**What is required**.
Exact copies of all the lines below are wanted, without a single picture.

**Raw data**.
..............................

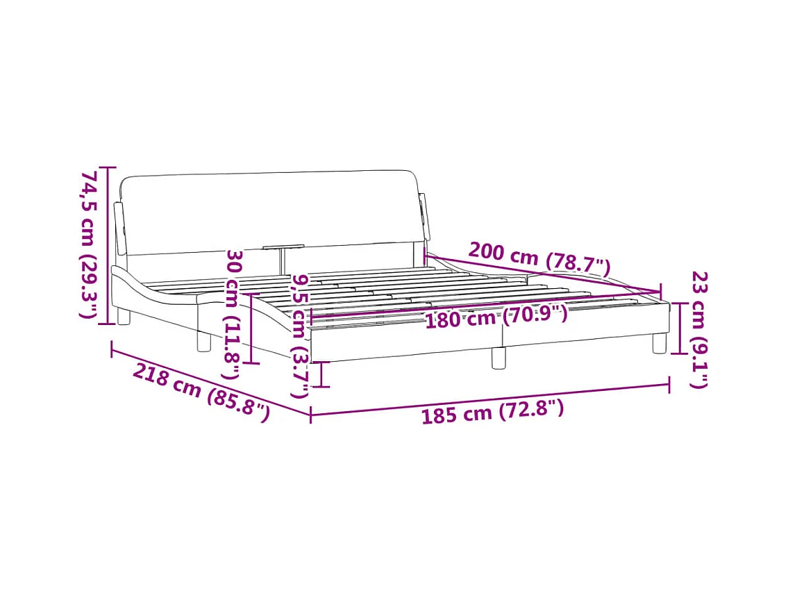 Cadre de lit sans matelas gris foncé 180x200 cm tissu
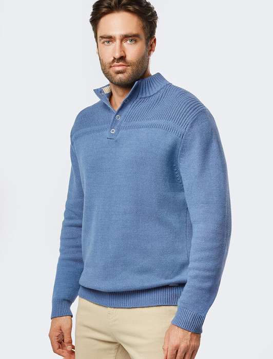 Свитер фактурной вязки с застежкой на крупные кнопки выполнен из мягкой хлопковой пряжи с добавлением акрила. Модель из такого материала не препятствует циркуляции воздуха, но при этом хорошо сохраняет тепло и не колется, поэтому ее комфортно носить на голое тело. С помощью кнопок можно регулировать высоту воротника и носить свитер по-разному. Внизу изделия нашивка бренда из эко-кожи.
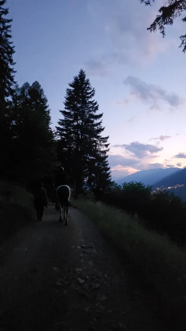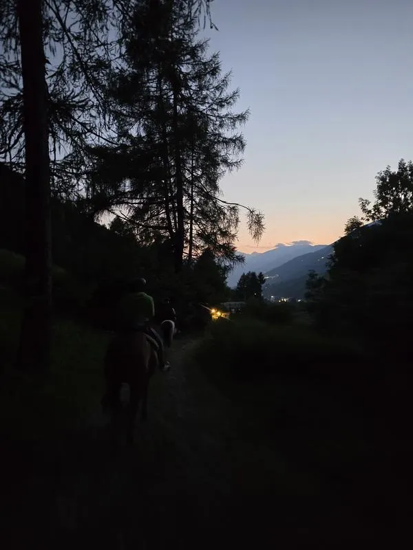 Passeggiata nel bosco in Val di Sole, adatta ai principianti. La passeggiata a cavallo è sempre organizzata in compagnia di una guida equestre.

..............................

**Exercise solution**.
 Cadre de lit sans matelas gris foncé 180x200 cm tissu
 Свитер фактурной вязки с застежкой на крупные кнопки выполнен из мягкой хлопковой пряжи с добавлением акрила. Модель из такого материала не препятствует циркуляции воздуха, но при этом хорошо сохраняет тепло и не колется, поэтому ее комфортно носить на голое тело. С помощью кнопок можно регулировать высоту воротника и носить свитер по-разному. Внизу изделия нашивка бренда из эко-кожи.
 Passeggiata nel bosco in Val di Sole, adatta ai principianti. La passeggiata a cavallo è sempre organizzata in compagnia di una guida equestre.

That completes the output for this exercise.